木こりの子供・マークは金髪に灰紫の瞳を持つ「悪魔」と遭遇するが……。

 エドガーが幸せだった頃のある一日を描く。10歳前後かと思われますが、まあ何というかこんな子供のころからエドガーは「エドガー」だったというわけで(笑)。陰でかなりのやんちゃをしていながら、天使の微笑みで女性陣を骨抜きにするまさに小悪魔・エドガーなのでした。


 ミニアチュールの恋人

 結婚直前のある夜、友人たちと初恋話を賭けてカードに興じるエドガー。彼が思い出したのは初恋ではなく、叔父の恋人だったある女性の面影だった……。

 11歳のエドガーと叔父との思い出を描いたお話。叔父の切ない恋に絡めて、エドガーが彼から大切な言葉をもらう物語です。それがエドガーの心の片隅にずっとあり、後にリディアを見出したのだと思うと、とても感慨深いものがあります。


 約束がかなうときまで

 結婚間近のエドガーとリディアの肖像画を描きたいポール。しかし著名な肖像画家が営業をかけているのを知り躊躇してしまう。そこで思いだしたのは、エドガーとの出会いだった。

 エドガーとポールの出会い編。将来に悩んでいたポールが、エドガーとの交流の中で道を見出すお話で、その記憶を反芻した現在のポールも自信を取り戻す、という感じ。エドガーがなかなかの活躍ぶりですな。

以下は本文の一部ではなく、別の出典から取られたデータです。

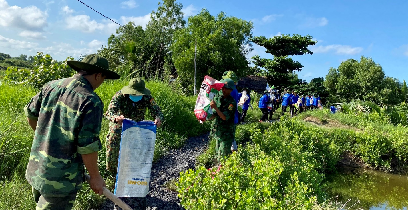 Tham gia hỗ trợ xây dựng nhà nhân ái tại huyện Cầu Kè (Nguồn ảnh: Chiến sỹ thường trực tại mặt trận Hòa Tân)

その時の本心を知ると笑っちゃうんですけどね。二人の絆、よいものです。


 おかえり、花が香る間に

 結婚して4日目、エドガーはリディアからロタと旅行に行きたいとの「おねだり」をされて。

 新婚夫婦の愛を描いた作品?エドガーのリディアへの深い愛情が伝わってくる物語でした。温かくて優しくて、胸一杯です。
 ていうか、旅行の許可をくれないエドガーを「うん」と言わせるにはどうしたら?というところで、レイヴンが「おあずけにすればいいと思います」と真顔でいうのに盛大に吹いたよ!


 かわいい愛玩動物(ペット)にご用心

 リディアが海の水棲馬の卵に魅入られてしまう。孵化する際まず温めた人間の女を餌とするというのだが、リディアは卵を手放したがらず……。

 新婚夫婦に訪れた妖精絡みの事件。リディアを助けるにはケルピーに委ねるしかない、ということでどうするんだーとドキドキ。そしてエドガーがとった解決方法にああ!その手が!と膝ポン。彼女たち、最強だな!


 指抜き(シンブル)は純潔の誓い

 エドガーから贈られた美しい指抜きによって異界に呼びこまれてしまったリディア。そこで以前の持ち主から、「本当の持ち主」に指抜きを返して欲しいと依頼される。しかし「本当の持ち主」は、無垢な者しか寄せ付けないらしく、ケリーがその役を買って出るが……。

 笑いどころが多くて死ぬかと思いました。無垢なふりをするため、リディアから「おあずけ」されそうになったエドガーの反応とか、レイヴンがケリー=生娘説に疑いを抱くとか。
 そんなこんなですが、思い描いていた結婚生活との違いに戸惑うリディアだけど、エドガーは歩み寄ってくれて、周囲には助けてくれる仲間がいる、だから頑張れるといった素敵なお話でした。


 愛しき人へ十二夜の祈りを

 マナーン島で十二夜を過ごすことになった伯爵夫妻。ところが、十二夜ケーキに入れるそら豆妖精が行方不明。彼らを捜し、リディアは過去を映すドールハウスに入り込むが……。

 エドガーの封印した過去、シルヴァンフォード大公家崩壊を描く。現在と過去が交互に語られていきます。読み応えアリで番外編で消化してしまうのはちょっと勿体ない感じのお話です。
 過去話についてはただただ切なくなるばかりでしたが、エドガーとリディアが過去を共有することで、エドガーに救いが齎されたことには泣きたいくらいの幸せを感じました。
 とりあえず、ロタ×ポールにはニヤニヤ。ポールがんばれ、超がんばれ。